Required work: Return only that part of the material below which starts with the line containing "De maten voor Heineke's eerst zeiltje" and goes on through the line containing "Butų geistina, kad", restated exactly.

Given information:
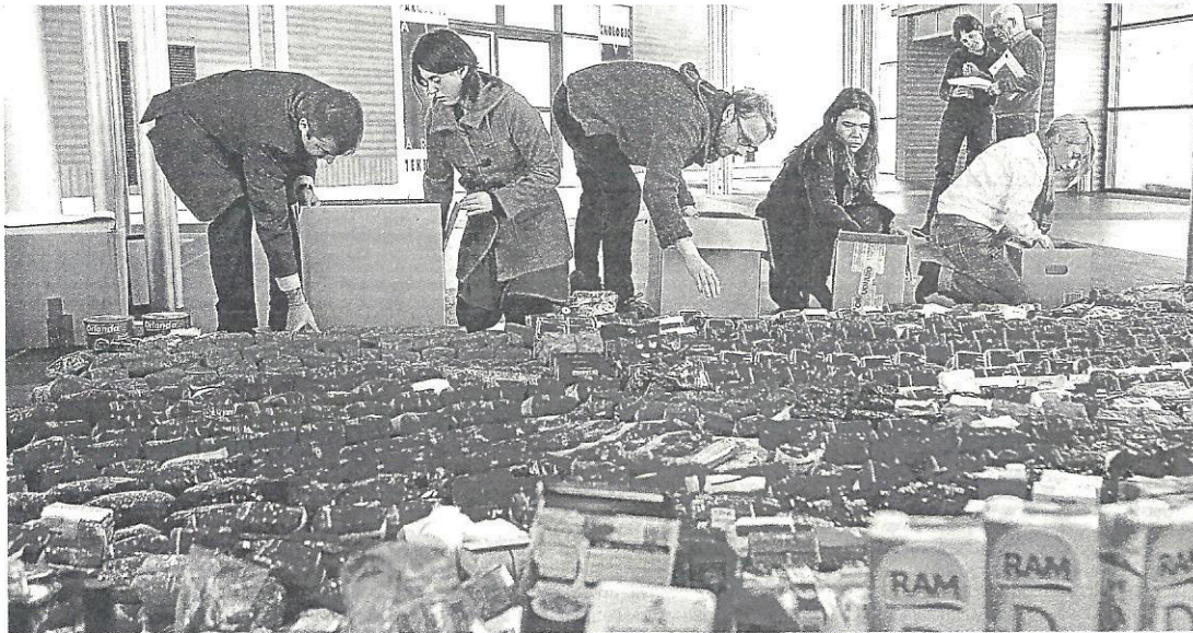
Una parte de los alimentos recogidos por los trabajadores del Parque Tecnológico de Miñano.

* * *

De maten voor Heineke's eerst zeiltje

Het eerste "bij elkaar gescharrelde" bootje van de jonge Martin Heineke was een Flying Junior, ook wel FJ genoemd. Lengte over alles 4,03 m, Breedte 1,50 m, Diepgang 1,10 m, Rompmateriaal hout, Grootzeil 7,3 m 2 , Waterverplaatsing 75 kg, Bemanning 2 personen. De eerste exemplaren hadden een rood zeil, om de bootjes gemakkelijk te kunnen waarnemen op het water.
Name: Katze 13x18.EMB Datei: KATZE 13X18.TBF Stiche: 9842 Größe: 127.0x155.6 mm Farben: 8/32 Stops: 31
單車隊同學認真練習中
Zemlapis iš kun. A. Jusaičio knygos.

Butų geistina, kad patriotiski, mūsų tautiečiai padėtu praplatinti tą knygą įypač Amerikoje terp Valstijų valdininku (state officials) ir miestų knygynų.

Solution to this problem:
De maten voor Heineke's eerst zeiltje

Het eerste "bij elkaar gescharrelde" bootje van de jonge Martin Heineke was een Flying Junior, ook wel FJ genoemd. Lengte over alles 4,03 m, Breedte 1,50 m, Diepgang 1,10 m, Rompmateriaal hout, Grootzeil 7,3 m 2 , Waterverplaatsing 75 kg, Bemanning 2 personen. De eerste exemplaren hadden een rood zeil, om de bootjes gemakkelijk te kunnen waarnemen op het water.
Name: Katze 13x18.EMB Datei: KATZE 13X18.TBF Stiche: 9842 Größe: 127.0x155.6 mm Farben: 8/32 Stops: 31
單車隊同學認真練習中
Zemlapis iš kun. A. Jusaičio knygos.

Butų geistina, kad patriotiski, mūsų tautiečiai padėtu praplatinti tą knygą įypač Amerikoje terp Valstijų valdininku (state officials) ir miestų knygynų.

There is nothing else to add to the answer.